Exercise –
Retype, exactly and with both ends included, the lines below from the one containing "Kledingstangen en haken" through the end; omit the pictures.

Collected material –
=== Section Start ===
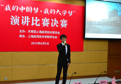 6月5日晚,由校团委主办、校学生会承办的“我的中国梦•我的大学梦”演讲比赛决赛在图书馆B102顺利举行。比赛邀请到上海师范大学谢晋影视学院播音主持专业著名教师、朗诵社指导老师颜缤、上海应用技术学院校团委周青老师、我校青年教工朗诵比赛一等奖获得者欧阳丹丹老师担任评委。
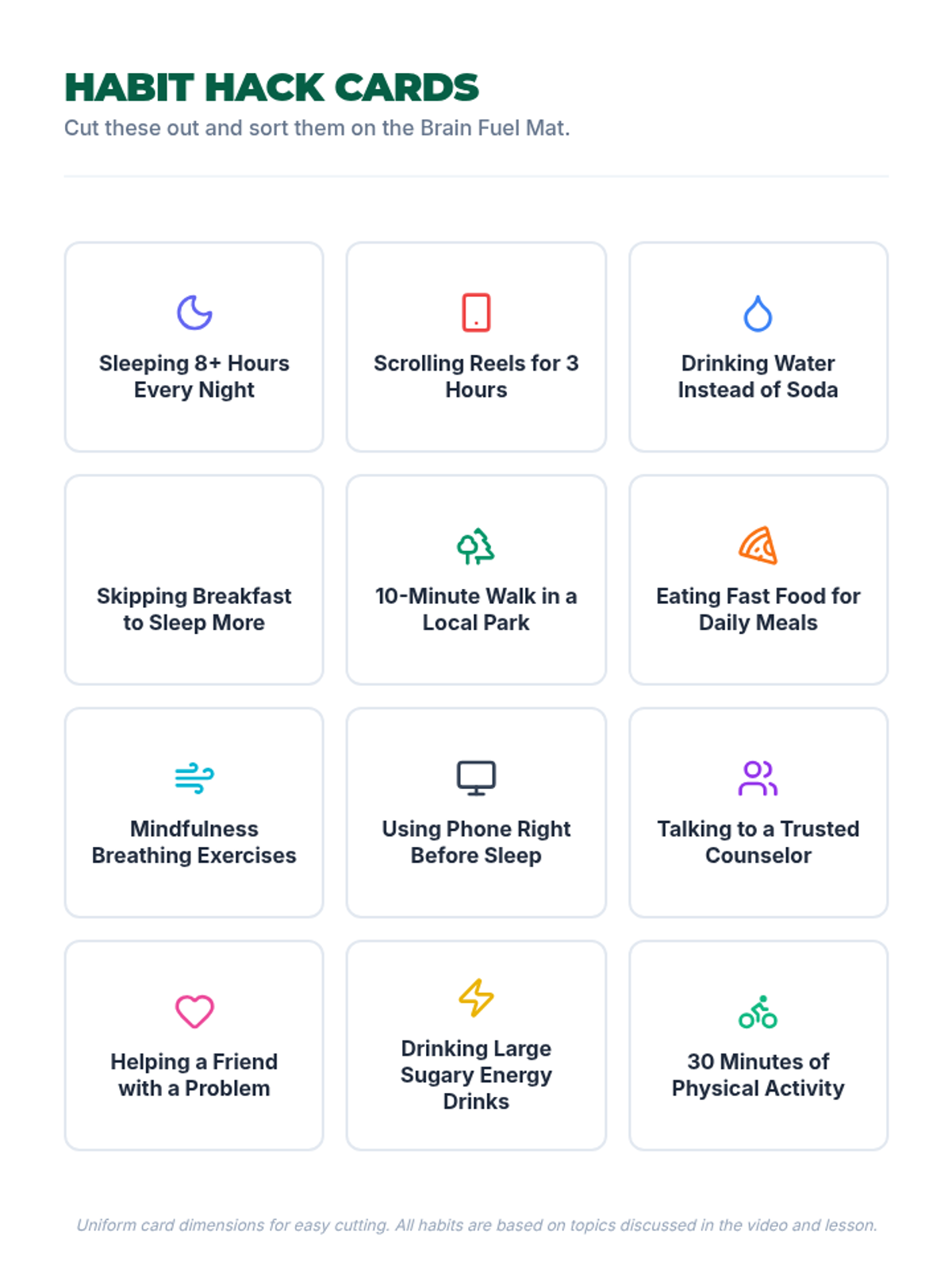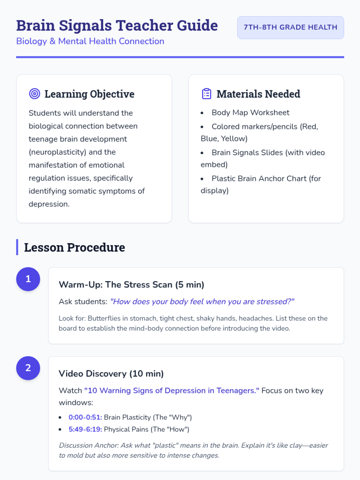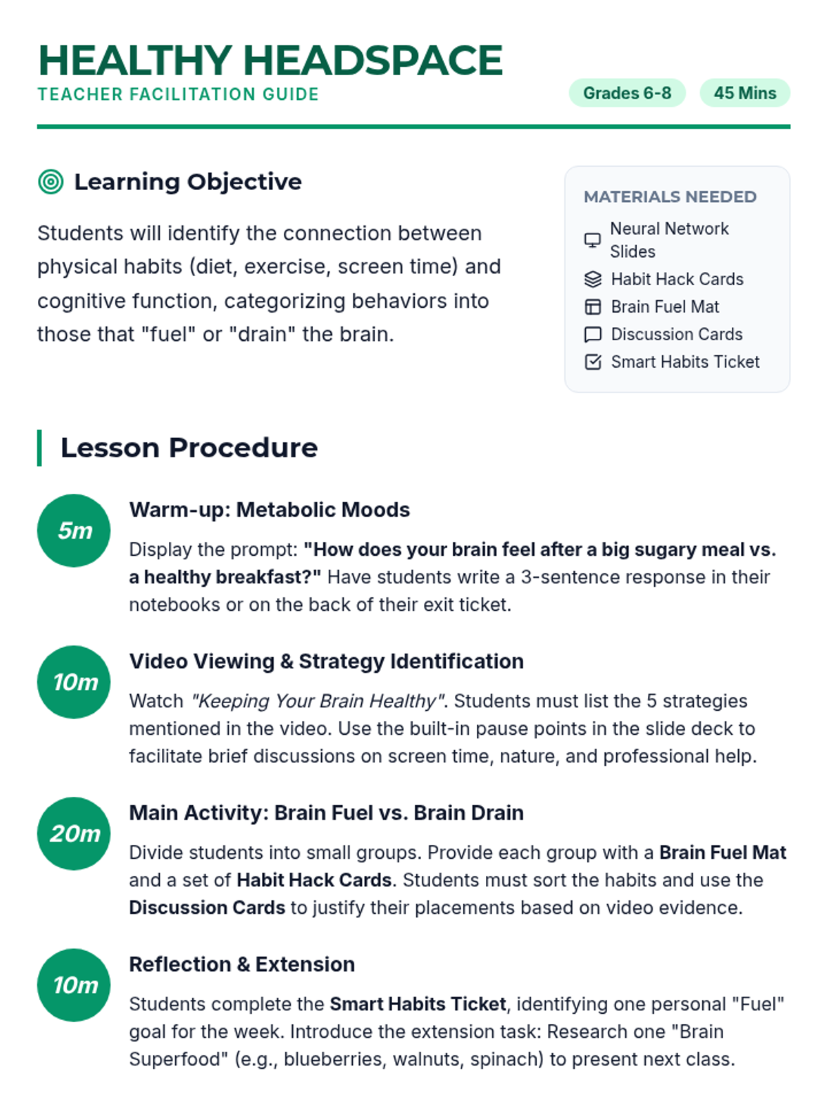 This lesson explores the biological and psychological links between daily habits—such as diet, exercise, and screen time—and brain function. Students will watch a video on brain health, categorize habits into 'Brain Fuel' or 'Brain Drain,' and set a personal goal for the week.
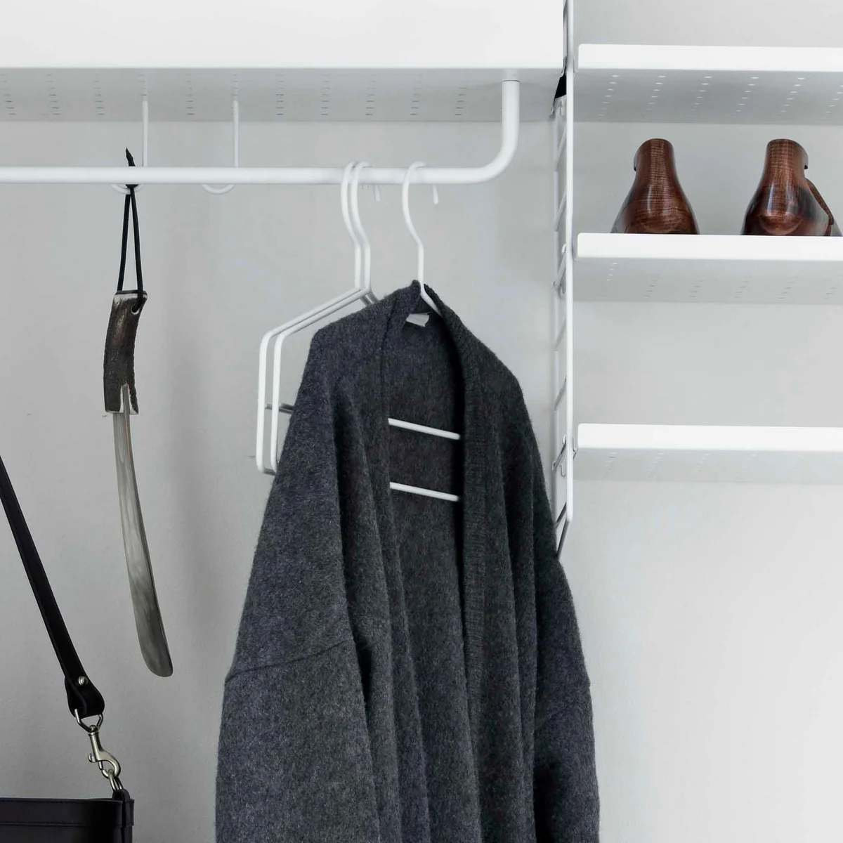 Kledingstangen en haken kunnen String in een handomdraai worden omgetoverd tot een garderobe die ieders aandacht trekt in de gang. Met de bijpassende kleerhangers, die perfect bij het rekkensysteem passen, kunnen jassen, sjaals en jacks netjes en zichtbaar aan de kapstok worden opgeborgen. Het spreekt voor zich dat de String Het rek kan ook worden gebruikt om een garderobesysteem te maken waarin de kleerhangers worden gebruikt. Een extra tweede stang houdt broeken en rokken kreukvrij.
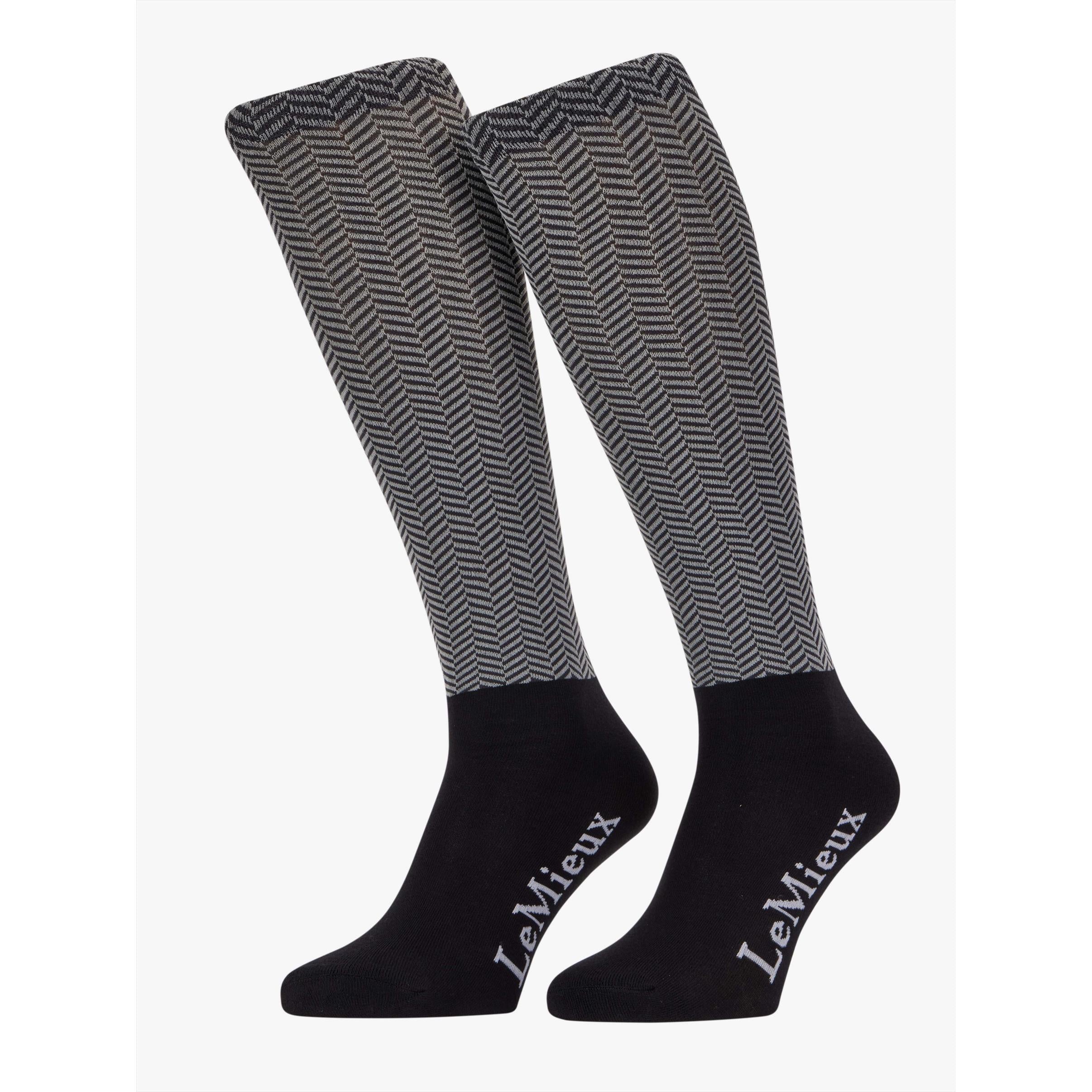 Sie passen zur gesamten Aspen Kollektion und sind im Wadenbereich mit einem Fischgrätmuster aus Strickjacquard versehen, um sie über Leggings oder Reithosen zu ziehen. Diese langen Socken haben einen nahtlosen Fußbereich, der für hohen Komfort unter Stiefeln und Schuhen sorgt.
=== Section End ===
Solution –
 Kledingstangen en haken kunnen String in een handomdraai worden omgetoverd tot een garderobe die ieders aandacht trekt in de gang. Met de bijpassende kleerhangers, die perfect bij het rekkensysteem passen, kunnen jassen, sjaals en jacks netjes en zichtbaar aan de kapstok worden opgeborgen. Het spreekt voor zich dat de String Het rek kan ook worden gebruikt om een garderobesysteem te maken waarin de kleerhangers worden gebruikt. Een extra tweede stang houdt broeken en rokken kreukvrij.
 Sie passen zur gesamten Aspen Kollektion und sind im Wadenbereich mit einem Fischgrätmuster aus Strickjacquard versehen, um sie über Leggings oder Reithosen zu ziehen. Diese langen Socken haben einen nahtlosen Fußbereich, der für hohen Komfort unter Stiefeln und Schuhen sorgt.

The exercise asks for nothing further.